*Collected material*:
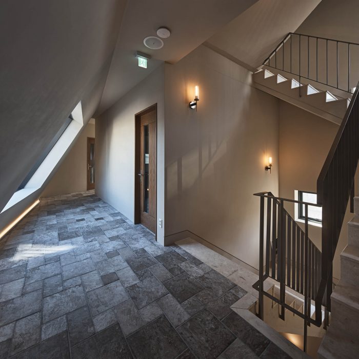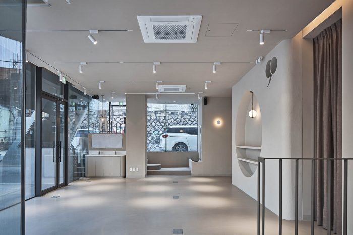 In contrast to the lower levels used for product exhibits and skin consults, the upper levels, which are for personalised spa care services, have smaller spaces. The basement level’s high ceiling makes it possible to host a wide variety of events and exhibits, with a hall that fulfills the functions of both cafe and spa. Overall, the levels were arranged in a vertical progression from public spaces at the bottom to private ones at the top.
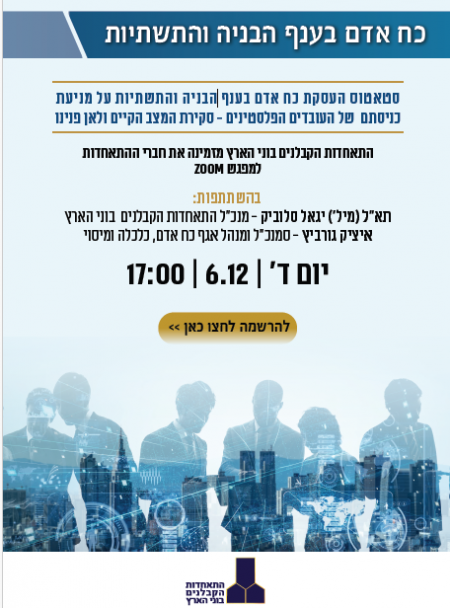 התאחדות הקבלנים בוני הארץ מזמינה את חברי קהילת דור העתיד וקהילת מנהלי הפרויקטים למפגש zoom פתוח בנושא סטאטוס כוח האדם בענף הבניה והתשתיות – סקירה ומענה לשאלות.
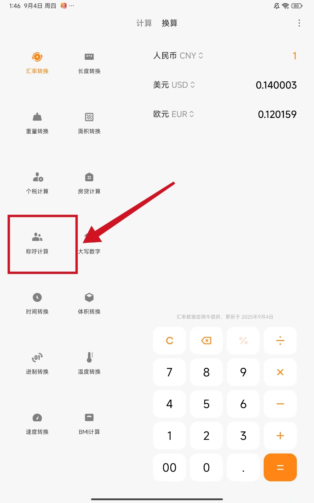 2、在换算功能页面里,找到并点击称呼计算选项,进入称呼计算界面。

*Exercise description*: Write out the data word for word. Any picture is to be skipped.

*Response area*:
 In contrast to the lower levels used for product exhibits and skin consults, the upper levels, which are for personalised spa care services, have smaller spaces. The basement level’s high ceiling makes it possible to host a wide variety of events and exhibits, with a hall that fulfills the functions of both cafe and spa. Overall, the levels were arranged in a vertical progression from public spaces at the bottom to private ones at the top.
 התאחדות הקבלנים בוני הארץ מזמינה את חברי קהילת דור העתיד וקהילת מנהלי הפרויקטים למפגש zoom פתוח בנושא סטאטוס כוח האדם בענף הבניה והתשתיות – סקירה ומענה לשאלות.
 2、在换算功能页面里,找到并点击称呼计算选项,进入称呼计算界面。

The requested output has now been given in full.